С продуктами в Лондоне было хуже, чем в Уике, или это давали о себе знать военные лишения, но поджаренный хлеб с джемом вызвал у Драко бурю восторга. Он вежливо поздоровался и уселся за стол, на правах взрослого.
— Через неделю будет приём в честь нашей победы, вы пойдёте? — улыбнулся он Северусу. — Если что, то отец может помочь с пригласительным билетом.
— Драко, мне кажется, что приглашать Северуса — это моя привилегия, — Люциус не утратил свою способность появляться в нужном месте в нужное время.
— Но ты ведь всё равно хотел его пригласить?
— Разумеется, — Люциус уселся напротив Северуса и поинтересовался: — Какие у тебя планы?
Кажется, он ждал, что Северус немедленно сорвётся в Уик, поэтому на его лице и мелькнуло разочарование, стоило ему услышать:
— Поеду в Коукворт.
— К родителям?
— Да. И, наверное, навещу Петунью.
Улыбка покинула лицо Люциуса:
— Это да... вам есть о чём поговорить. А потом возвращайся, приём обещает быть очень интересным, — Люциус задумчиво покрутил в пальцах чашку. — А ты ещё не решил, где хочешь служить?
— Ещё нет.
— Я могу порекомендовать тебя в любую часть, а если захочешь, то составлю протекцию в штабе.
В этом был весь Люциус — колпак Санта-Клауса был бы ему к лицу.
— Спасибо. Но штабная работа всё-таки не для меня.
— Я помню. Только небо может тебя привлечь.
Северус улыбнулся.
— Именно. Я приеду на приём.
— Хорошо. А когда уедешь?
— Сегодня.
Почему-то пользоваться гостеприимством Люциуса было неловко. Да и вообще Северус никак не мог почувствовать себя уместным и окончательно вернувшимся, когда мыслями всё ещё был там — на девяти досках нар стылого барака.
Возражать Люциус не стал, и сразу же после завтрака Северус отправился на железнодорожный вокзал. В мыслях по-прежнему был полный раздрай. Только сейчас до него дошло осознание смерти Лили, и он цеплялся за эту боль, свидетельствующую о том, что он сам ещё жив, хоть и опустошён.
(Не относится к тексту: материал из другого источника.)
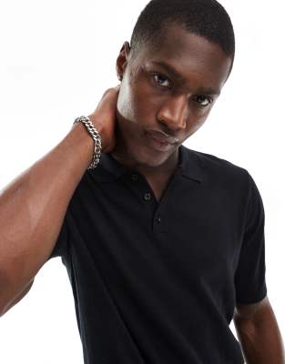 ASOS DESIGN – Svart, lätt, stickad pikétröja i bomull
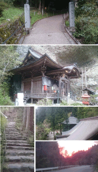 真弓トンネルを越えるとお寺のある久万高原町に入ります。 45番札所の岩屋寺までは約20キロ。 その20キロは最後の力を振り絞り走り続けました。 岩屋寺は、駐車場から山を上にあがります。看板には、「徒歩20分」と書かれている。しかし時間がない。 山を猛ダッシュで走りながら、足が壊れても何とか間に合わせたい。という気持ちとともに、境内に入った時には、息がきれ、これまで感じたことのない疲れが身体を襲いました。 これが限界。そして修行。何とか17寺までに参拝する事が出来ました。 本当にきつい。 そして、夕方になったせいもあるのか、今度は汗が冷えてとても寒くなりました。 下山し、宿までは約5.5キロ。流石に体力が持たず、坂を自転車をこいであがる力は残っていませんでした。今日は本当に疲れました。 |
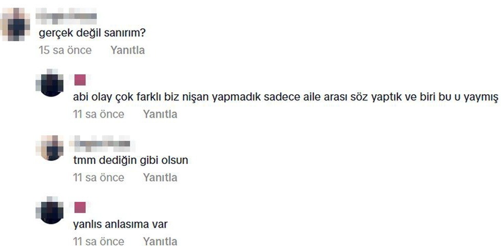 Bazı paylaşımların altına yorum yapan damat adayı, 'Abi olay çok farklı. Biz nişan yapmadık. Sadece aile arası söz yaptık ve biri bunu yaymış. Yanlış anlaşılma var' dedi.
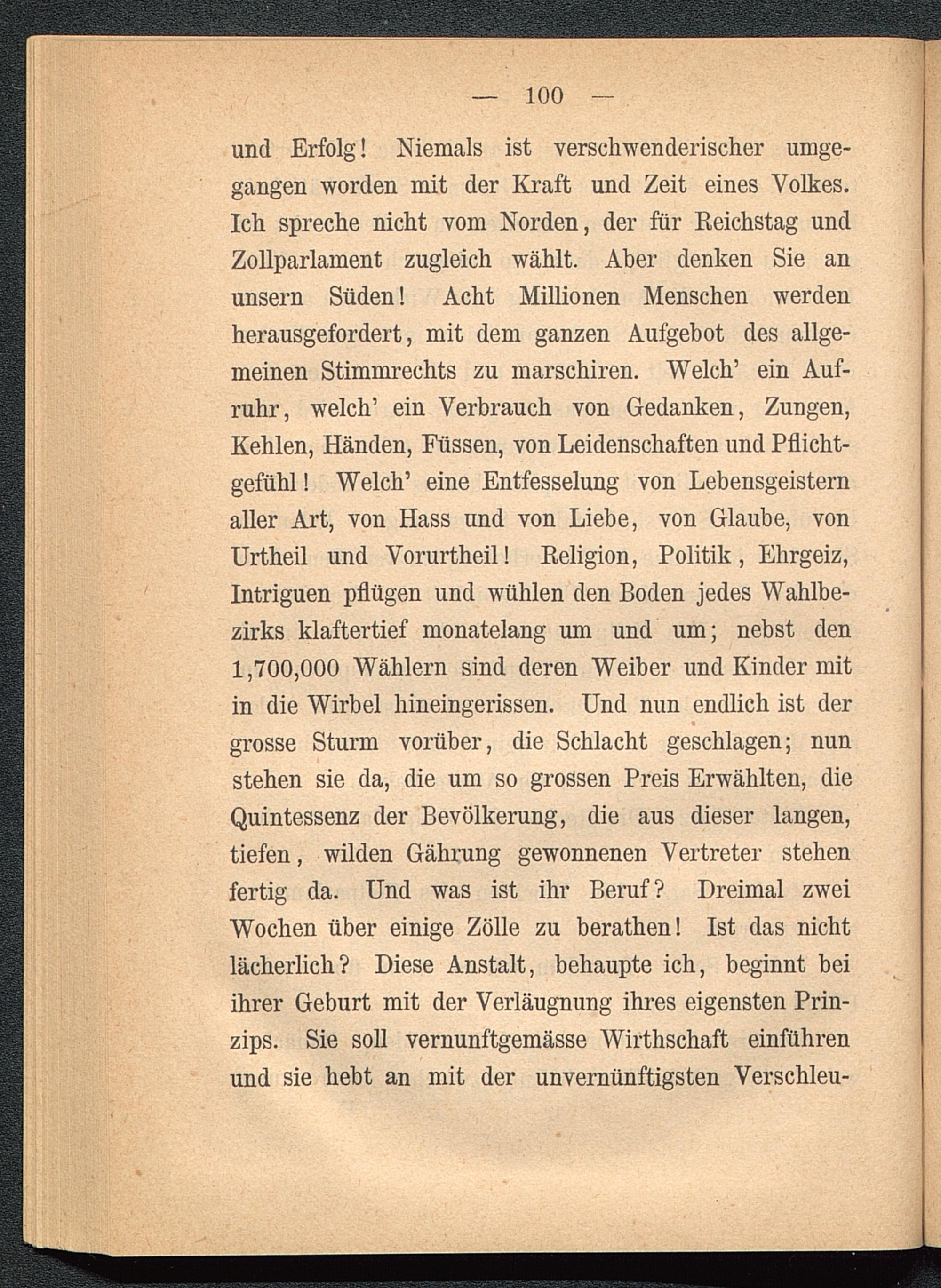 und Erfolg! Niemals ist verschwenderischer umge-gangen worden mit der Kraft und Zeit eines Volkes.Ich spreche nicht vom Norden, der für Reichstag undZollparlament zugleich wählt. Aber denken Sie anunsern Süden! Acht Millionen Menschen werdenherausgefordert, mit dem ganzen Aufgebot des allge-meinen Stimmrechts zu marschiren. Welch’ ein Auf-ruhr, welch’ ein Verbrauch von Gedanken, Zungen,Kehlen, Händen, Füssen , von Leidenschaften und Pflicht-gefühl ! Welch’ eine Entfesselung von Lebensgeisternaller Art, von Hass und von Liebe, von Glaube, vonUrtheil und Vorurtheil! Religion, Politik, Ehrgeiz,Intriguen pflügen und wühlen den Boden jedes Wahlbe-zirks klaftertief monatelang um und um; nebst den1,700,000 Wählern sind deren Weiber und Kinder mitin die Wirbel hineingerissen. Und nun endlich ist dergrosse Sturm vorüber, die Schlacht geschlagen; nunstehen sie da, die um so grossen Preis Erwählten, dieQuintessenz der Bevölkerung, die aus dieser langen,tiefen, wilden Gährung gewonnenen Vertreter stehenfertig da. Und was ist ihr Beruf? Dreimal zweiWochen über einige Zölle zu berathen! Ist das nichtlächerlich? Diese Anstalt, behaupte ich, beginnt beiihrer Geburt mit der Verläugnung ihres eigensten Prin-zips. Sie soll vernunftgemässe Wirthschaft einführenund sie hebt an mit der unvernünftigsten Verschleu-

Подумать только, там, в лагере он переживал за Люциуса, Фрэнка, Артура и даже подумать не мог, что это будет Лили. Весёлая, сильная, понимающая, добрая — сейчас она казалась ему самой лучшей, и он ненавидел себя за то, что никогда ей об этом не говорил.
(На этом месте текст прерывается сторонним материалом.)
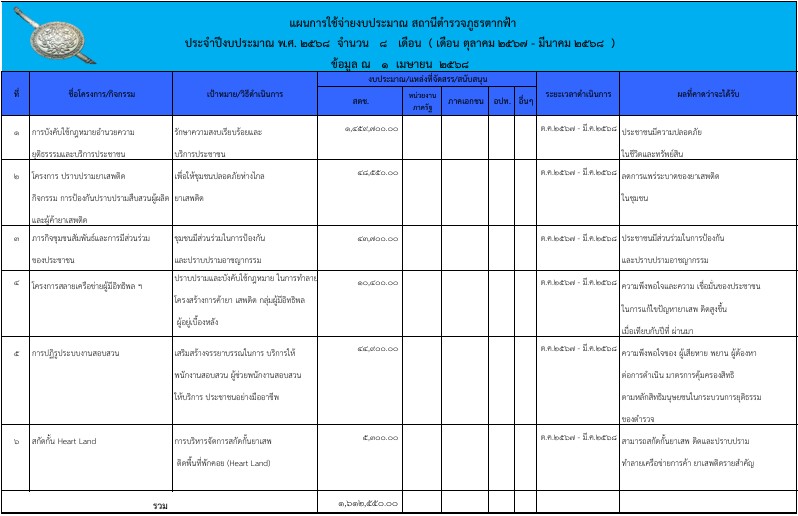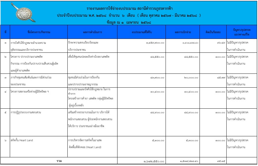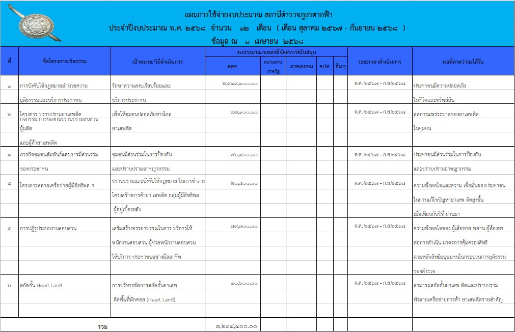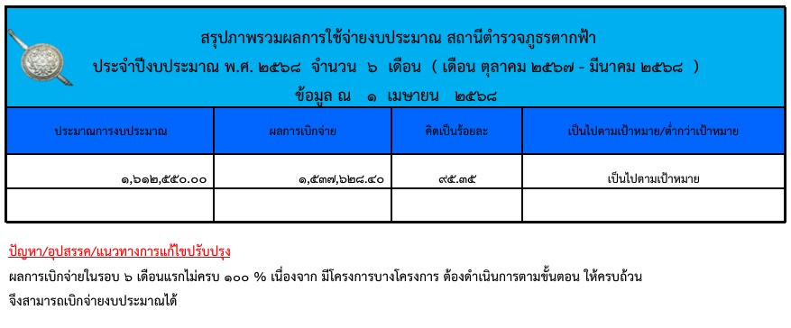 แผนการใช้จ่ายงบประมาณ สภ.ตากฟ้า
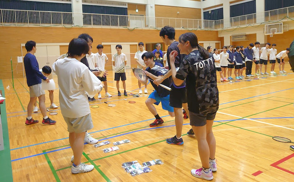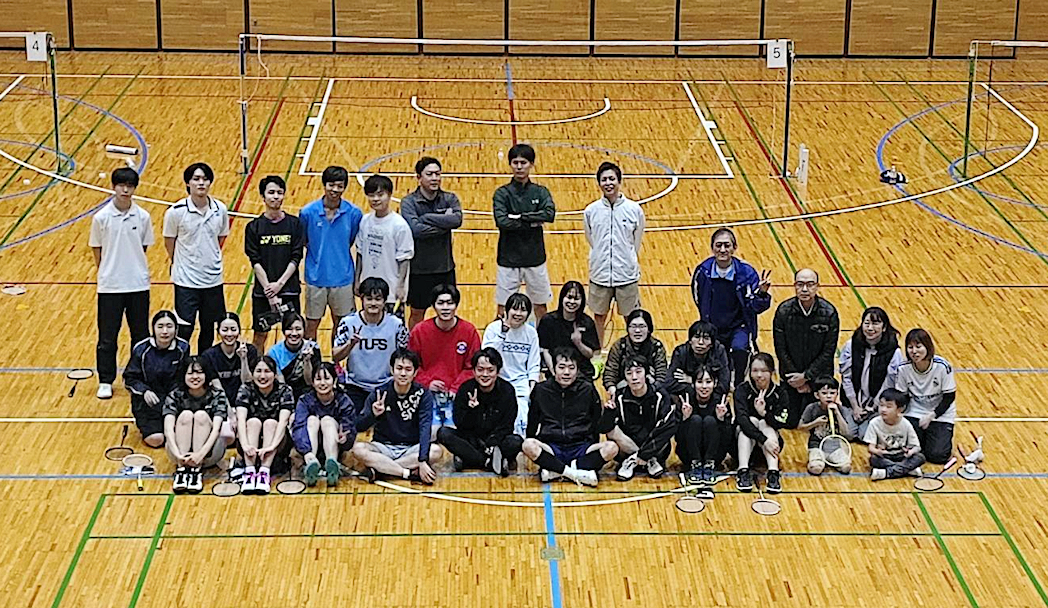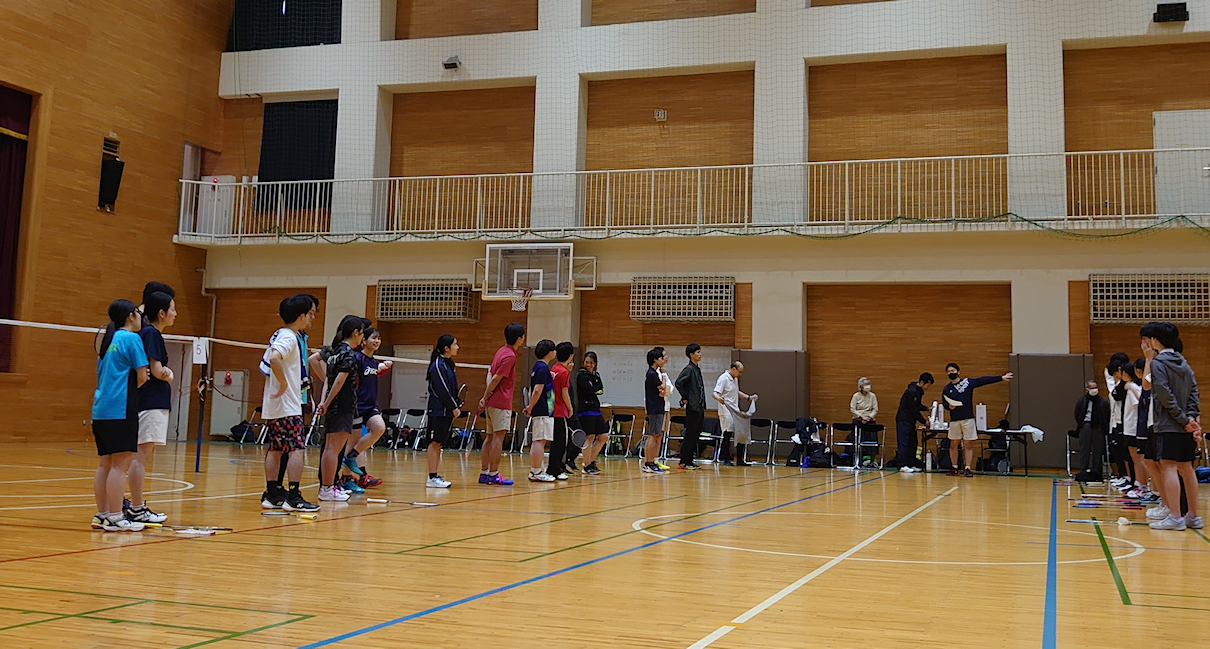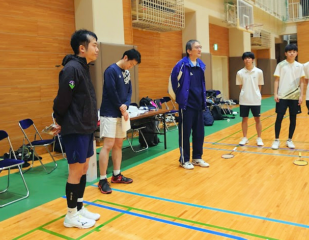 これは、年2回、母校体育館で卒業生同士がバドミントンの交流試合を行うというイベントで、1970年代中盤から続いています。あいにくコロナ禍の3年間は開催されませんでしたが、この度、ようやく復活の運びとなりました。幹事の清水達記さん・梁取祐輔さん(62回生)の尽力と現役の協力のお陰です。

Поезд, как нарочно, останавливался на каждой станции, и мысли медленно начинали упорядочиваться. Надо будет пообещать Петунье перечислять половину жалования для сына Лили, чтобы хоть так...
Мать бросилась ему на шею со слезами, позабыв о своей привычной сдержанности и чопорной сухости. Северус прижал её к себе, глядя поверх её макушки на отца.
— Здравствуй, сын...
Как же он постарел!
— Здравствуй, отец.
Тобиас неловко потоптался рядом и вдруг тоже приобнял Северуса, после чего быстро отпрянул, будто обжёгся. Но для него это был просто верх нежности.
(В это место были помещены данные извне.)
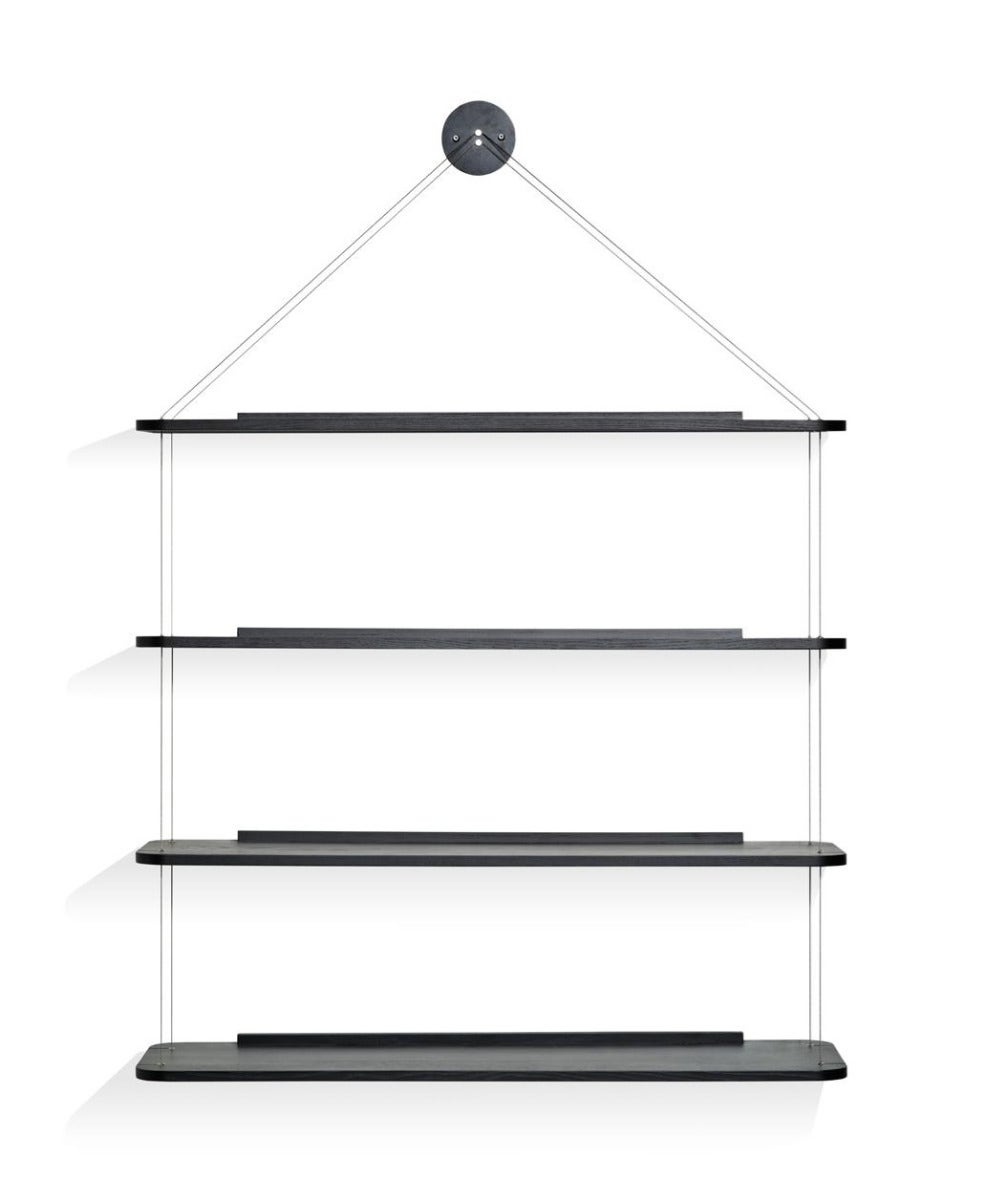 Originally designed in 1957, perfected over the years, and produced by Bernini in 1966. Seeking to pare down the structure of a bookcase to the absolute minimum, Castiglioni decided to hang the shelves on knots in two cords fixed to a single point on the wall.
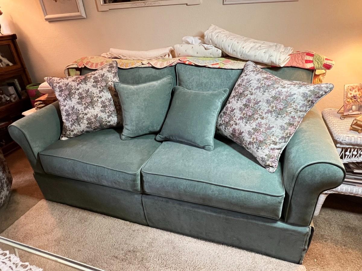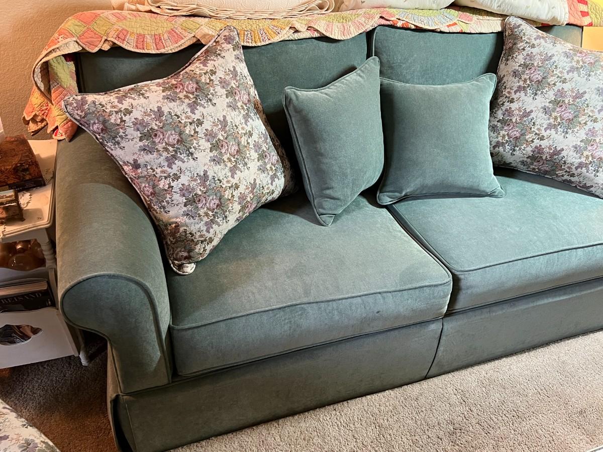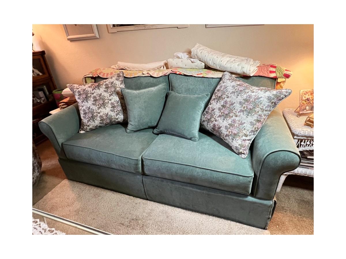 Mint Green Sofa Couch Love Set with Throw Pillows. In good condition, no major spots, stains, or wear. About 70" length. **Off site in Brea, owner downsizing. Pick up will be after July 14th, we will schedule with winning bidders after that date.**
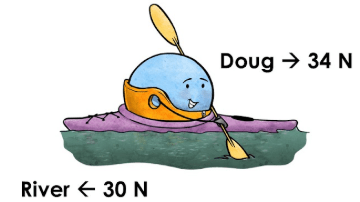Doug is paddling with more force forward than the river is flowing backward. Forces are unbalanced; Doug is moving closer to land
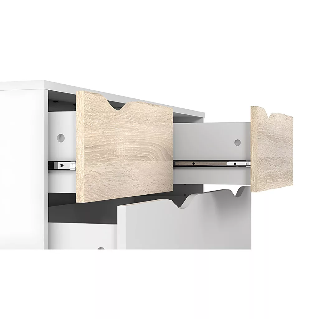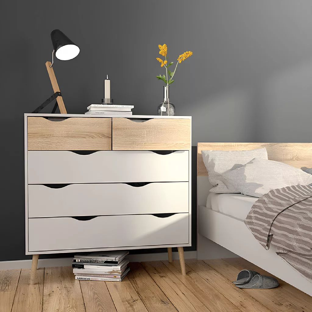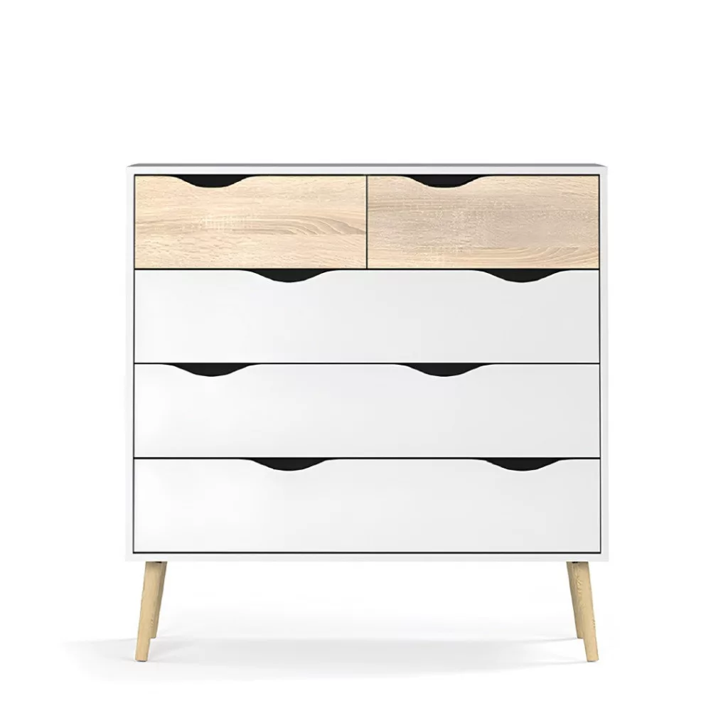Az OSLO fiókos szekrény tökéletes választás, ha a letisztult formavilágot és a praktikus kialakítást keresed. A laminált DTD (faforgácslap) alapanyag nem csupán esztétikus, de szilárdságot, tartósságot és ellenállóságot is biztosít. A modern fehér és a természetes hatású sonoma tölgy színkombinációja világos, barátságos atmoszférát teremt bármely helyiségben. Az öt tágas fiók bőséges helyet kínál ruháidnak, dokumentumaidnak vagy egyéb személyes tárgyaidnak, így ez a bútor ideális ruhás komód vagy sokoldalú tároló szekrény is egyben.

— Герой... наш... — Тобиас прокашлялся. — Ты это... знай... мы тебя ждали... и гордились... ага... соседи вот не дадут соврать.
Чтобы сгладить неловкость, Северус принялся доставать из вещевого мешка консервы, заботливо упакованные Люциусом, и серый армейский хлеб. Похоже, это был лучший подарок, потому что мать даже забыла про слёзы и начала прятать консервные банки подальше в шкаф.
Северус вышел на крыльцо покурить и удивился, что отец не только последовал за ним, но и закурил, задумчиво глядя на серое от низких облаков небо.
— А подружка твоя того... погибла.
— Я знаю, — Северус на мгновение сжал кулаки.
— Малец у неё остался, — Тобиас тяжело вздохнул. — Я-то до последнего думал, что твой, но нет... подрос и на отца стал походить. Глаза только её и смотрят так же.
— Я знаю...
— Эх, да кабы ты знал! Была бы она жива, нашла бы парнишке отца со временем, чтобы не бедовал, а так... кому он нужен стал?
— А Петунья что?
— Так всё равно это... своя рубашка ближе к телу-то, кто бы что ни говорил. Нет, ты не подумай, она старается, только всё равно мальчишка растёт, как трава у забора.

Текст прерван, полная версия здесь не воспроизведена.